Странно, но единственный человек, кого я хочу видеть в эти дни, это Али. Не знаю почему, но мне кажется, что он может заставить меня жить. Возможно, дело в жестокости, которая исходит от этого мужчины и которая вызывает у меня протест и желание бороться. Или в его взгляде, который я иногда ловила на себе, пристальном, изучающем, который тоже будит в моей душе желание жить. Не знаю… Но работорговец ни разу не пришел, а спрашивать о нем я не хочу…

С каждым днем целитель Лазарис становится все мрачнее. Проверяя мой пульс или водя над телом руками, хмурится и грозит мне плетьми, если я не пойду на поправку. Я каждый раз тихо смеюсь и обещаю исправиться, но есть по-прежнему не могу – стоит почувствовать запах пищи, и меня начинает выворачивать.

Наверное, я бы так и зачахла – почти неделя на одних отварах привела к тому, что я уже и сажусь без посторонней помощи с трудом. И радуюсь, что мне осталось недолго. Но однажды я все-таки спрашиваю про Али…

На мой вопрос целитель хмурит седые брови и ничего не отвечает. Протягивает чашу с очередным питьем и молча ждет, пока она опустеет. Лишь после этого неприветливо произносит:

– Хозяин в отъезде. Хорошо, если к его возвращению ты будешь здорова. Иначе можешь не выдержать таврение.

– Что? – мне показалось, что я ослышалась.

Тавро, это ведь такое клеймо с определённым рисунком. Его раскаляют и прижимают к коже, чтобы остался выпуклый знак. В Америке времен освоения Дикого Запада так помечали скот его владельцы. Получается, здесь люди тоже скот?

– Таврение. Клеймо тебе поставят, как всем рабам, – раздражённо отвечает старик целитель и, тяжело ступая, идет к двери. На пороге останавливается и задумчиво окидывает меня взглядом.

– Хотя, куда тебе клеймо ставить – ты же решила, что смерть для тебя будет лучшим вариантом. Ну и сдохни, трусливая дура.

Дверь за целителем с грохотом захлопывается, а я замираю, глядя в пространство перед собой.

Через несколько минут тяну руку к столику возле кровати, где на тарелке лежат нарезанные фрукты – они всегда там на случай если я захочу есть. Выбираю маленький кусочек, кладу в рот и медленно, подавляя тошноту, начинаю жевать. Осторожно проглатываю и беру еще один. Съев, внимательно прислушиваюсь к своим ощущениям и с облегчением закрываю глаза – спасибо вам, господин Лазарис, за ваши жестокие слова. Кажется, я больше не хочу умирать.

8

У Али огромный дом: трехэтажный со множеством лестниц, комнат и коридоров. Именно коридоры запоминаются мне, когда я, чуть окрепнув, с разрешения Лазариса начинаю бродить по жилищу работорговца.

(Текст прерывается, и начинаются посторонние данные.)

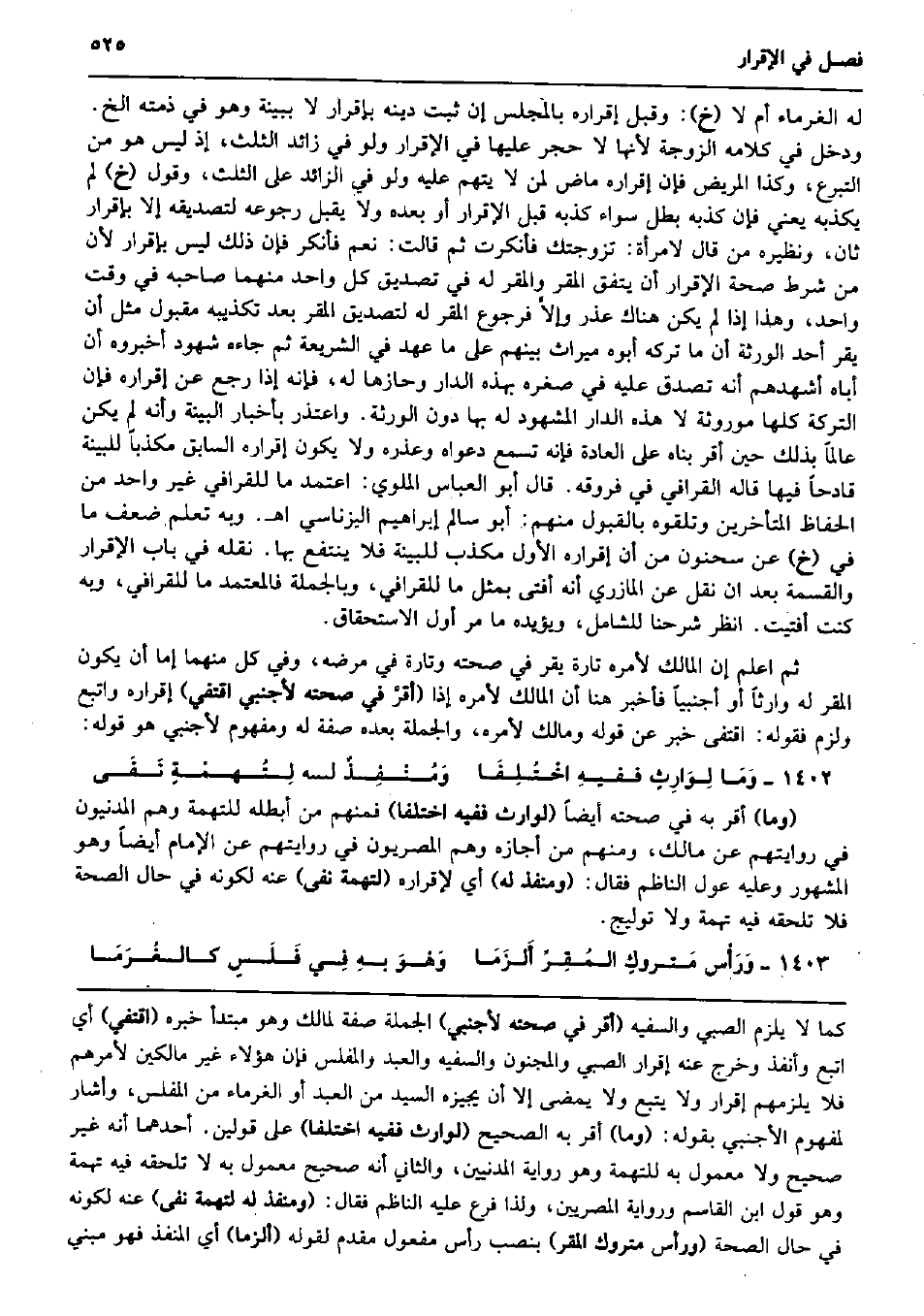 لَهُ الْغُرَمَاء أم لَا (خَ) : وَقبل إِقْرَاره بِالْمَجْلِسِ إِن ثَبت دينه بِإِقْرَار لَا بِبَيِّنَة وَهُوَ فِي ذمَّته الخ. وَدخل فِي كَلَامه الزَّوْجَة لِأَنَّهَا لَا حجر عَلَيْهَا فِي الْإِقْرَار وَلَو فِي زَائِد الثُّلُث، إِذْ لَيْسَ هُوَ من التَّبَرُّع، وَكَذَا الْمَرِيض فَإِن إِقْرَاره مَاض لمن لَا يتهم عَلَيْهِ وَلَو فِي الزَّائِد على الثُّلُث، وَقَول (خَ) لم يكذبهُ يَعْنِي فَإِن كذبه بَطل سَوَاء كذبه قبل الْإِقْرَار أَو بعده وَلَا يقبل رُجُوعه لتصديقه إِلَّا بِإِقْرَار ثَان، وَنَظِيره من قَالَ لامْرَأَة: تَزَوَّجتك فأنكرت ثمَّ قَالَت: نعم فَأنْكر فَإِن ذَلِك لَيْسَ بِإِقْرَار لِأَن من شَرط صِحَة الْإِقْرَار أَن يتَّفق الْمقر وَالْمقر لَهُ فِي تَصْدِيق كل وَاحِد مِنْهُمَا صَاحبه فِي وَقت وَاحِد، وَهَذَا إِذا لم يكن هُنَاكَ عذر وإلاَّ فرجوع الْمقر لَهُ لتصديق الْمقر بعد تَكْذِيبه مَقْبُول مثل أَن يقر أحد الْوَرَثَة أَن مَا تَركه أَبوهُ مِيرَاث بَينهم على مَا عهد فِي الشَّرِيعَة ثمَّ جَاءَهُ شُهُود أَخْبرُوهُ أَن أَبَاهُ أشهدهم أَنه تصدق عَلَيْهِ فِي صغره بِهَذِهِ الدَّار وحازها لَهُ، فَإِنَّهُ إِذا رَجَعَ عَن إِقْرَاره فَإِن التَّرِكَة كلهَا موروثة لَا هَذِه الدَّار الْمَشْهُود لَهُ بهَا دون الْوَرَثَة. وَاعْتذر بأخبار الْبَيِّنَة وَأَنه لم يكن عَالما بذلك حِين أقرّ بناه على الْعَادة فَإِنَّهُ تسمع دَعْوَاهُ وعذره وَلَا يكون إِقْرَاره السَّابِق مُكَذبا للبينة قادحاً فِيهَا قَالَه الْقَرَافِيّ فِي فروقه. قَالَ أَبُو الْعَبَّاس الملوي: اعْتمد مَا للقرافي غير وَاحِد من الْحفاظ الْمُتَأَخِّرين وتلقوه بِالْقبُولِ مِنْهُم: أَبُو سَالم إِبْرَاهِيم اليزناسي اه. وَبِه تعلم ضعف مَا فِي (خَ) عَن سَحْنُون من أَن إِقْرَاره الأول مكذب للبينة فَلَا ينْتَفع بهَا. نَقله فِي بَاب الْإِقْرَار وَالْقِسْمَة بعد ان نقل عَن الْمَازرِيّ أَنه أفتى بِمثل مَا للقرافي، وَبِالْجُمْلَةِ فَالْمُعْتَمَد مَا للقرافي وَبِه كنت أَفْتيت. انْظُر شرحنا للشامل، وَيُؤَيِّدهُ مَا مر أول الِاسْتِحْقَاق. ثمَّ اعْلَم إِن الْمَالِك لأَمره تَارَة يقر فِي صِحَّته وَتارَة فِي مَرضه، وَفِي كل مِنْهُمَا إِمَّا أَن يكون الْمقر لَهُ وَارِثا أَو أَجْنَبِيّا فَأخْبر هُنَا أَن الْمَالِك لأَمره إِذا (أقرَّ فِي صِحَّته لأَجْنَبِيّ اقتفي) إِقْرَاره وَاتبع وَلزِمَ فَقَوله: اقتفى خبر عَن قَوْله وَمَالك لأَمره، وَالْجُمْلَة بعده صفة لَهُ وَمَفْهُوم لأَجْنَبِيّ هُوَ قَوْله: وَمَا لِوَارِثٍ ففيهِ اخْتُلِفَا وَمُنْفِذٌ لَهُ لِتُهمْةٍ نَفَى (وَمَا) أقرّ بِهِ فِي صِحَّته أَيْضا (لوَارث فَفِيهِ اخْتلفَا) فَمنهمْ من أبْطلهُ للتُّهمَةِ وهم المدنيون فِي روايتهم عَن مَالك، وَمِنْهُم من أجَازه وهم المصريون فِي روايتهم عَن الإِمَام أَيْضا وَهُوَ الْمَشْهُور وَعَلِيهِ عول النَّاظِم فَقَالَ: (ومنفذ لَهُ) أَي لإِقْرَاره (لتهمة نفى) عَنهُ لكَونه فِي حَال الصِّحَّة فَلَا تلْحقهُ فِيهِ تُهْمَة وَلَا توليج. وَرَأْس مَتروكٍ المُقِرِّ أَلزَمَا وَهْوَ بهِ فِي فَلَسٍ كالغُرَمَا

Коридоры странные: узкие и расползаются во все стороны, словно криво сплетенная паутина. Можно пойти по одному из них и попасть в огромную комнату со множеством низких диванов и полом, застеленным коврами так плотно, что не видно ни одного неприкрытого кусочка. Томную, пахнущую чувственностью и восточной жестокостью комнату. Можно выйти из неё, свернуть на первом же повороте и по другому коридору прийти в крошечную клетушку, где нет ничего, кроме кресла и окна во всю стену. За окном открывается вид на горы, или море, или далекие островерхие крыши какого-то замка – их несколько, таких комнат, на разных сторонах дома.

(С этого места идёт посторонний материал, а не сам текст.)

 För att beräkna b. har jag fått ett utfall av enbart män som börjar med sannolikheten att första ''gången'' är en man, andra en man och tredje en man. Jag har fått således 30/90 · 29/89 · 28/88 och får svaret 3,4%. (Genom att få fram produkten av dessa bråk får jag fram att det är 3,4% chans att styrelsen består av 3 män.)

Пользуясь тем, что мне не запрещают, я забираюсь с ногами в эти кресла и подолгу сижу, глядя в окно. Иногда смотрю на белые сверкающие пики гор, изумительные в своей вечной неподвижности. В следующий раз рассматриваю изумрудную гладь воды и пестрые полосатые паруса на мачтах снующих туда-сюда суденышек. На замок смотреть скучно – там никогда ничего не меняется – всегда острые пики крыш и ярко-голубое, без облаков небо.

Меня никто не трогает, со мной никто не разговаривает. Служанки, которых я иногда встречаю во время своих блужданий, бросают на меня быстрые взгляды, кланяются и тотчас исчезают. Я, словно прокаженная, от которой все шарахаются. Но меня это устраивает.

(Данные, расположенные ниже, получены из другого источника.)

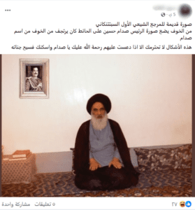 اقرأ أيضًا: هذه الصورة مفبركة ولا تظهر السيستاني برفقة صدام حسين – فتبينوا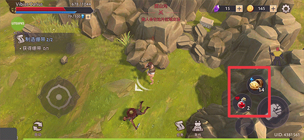 5、当血量,体力不足时,你可以使用血瓶恢复血量,吃食物可以恢复体力

Иногда я забираюсь в какой-нибудь укромный уголок, и оттуда наблюдаю за жизнью дома. Изучаю, как тут организована работа слуг и даже запоминаю некоторых девушек по именам…

Али давно вернулся из своей поездки – мне об этом сказал Лазарис, – но ко мне ни разу не зашел. Я тоже не рвусь с ним встречаться. От нашей последней встречи у меня осталось странное ощущение, противным мохнатым клубком катающееся по желудку. Стоит вспомнить работорговца, чувствую смесь презрения, вины и благодарности. Словно он сделал что-то такое, чего я не могу ему простить. И в то же время точно знаю, что сама сделала ему больно, причем намеренно.

Но я не сказала Али ничего, чего не чувствовала бы на самом деле. И благодарна ему, что одной своей фразой он лишил меня всех иллюзий. Так же, как это сделал лекарь Лазарис словами про трусливую, желающую умереть дуру. Когда иллюзии уходят, освобождается место для надежды – именно ею я сейчас живу.

Теперь я не хочу умирать, поэтому хорошо ем и много сплю, набираясь сил. И все эти дни я много думаю. Думаю о девочке, чье тело заняла: кто она, как очутилась среди невольников и почему Али при первой встрече назвал меня принцессой? Размышляю о своем непонятном положении в доме работорговца. Я рабыня,  но меня одевают не так, как остальных, разрешают гулять, где захочу, и никто не заставляет работать, хотя я давно уже могу это делать.

Еще думаю о том, что, как только окончательно поправлюсь, меня отведут в сарай в дальнем углу двора. Там расположена кузня, и там мне выжгут на запястье знак принадлежности хозяину. Почему-то умереть мне было не так страшно, как ожидать то, что меня пометят, словно скотину. И напряженно, ежеминутно думать о том, что если со мной это случится, я могу снова перестать хотеть жить…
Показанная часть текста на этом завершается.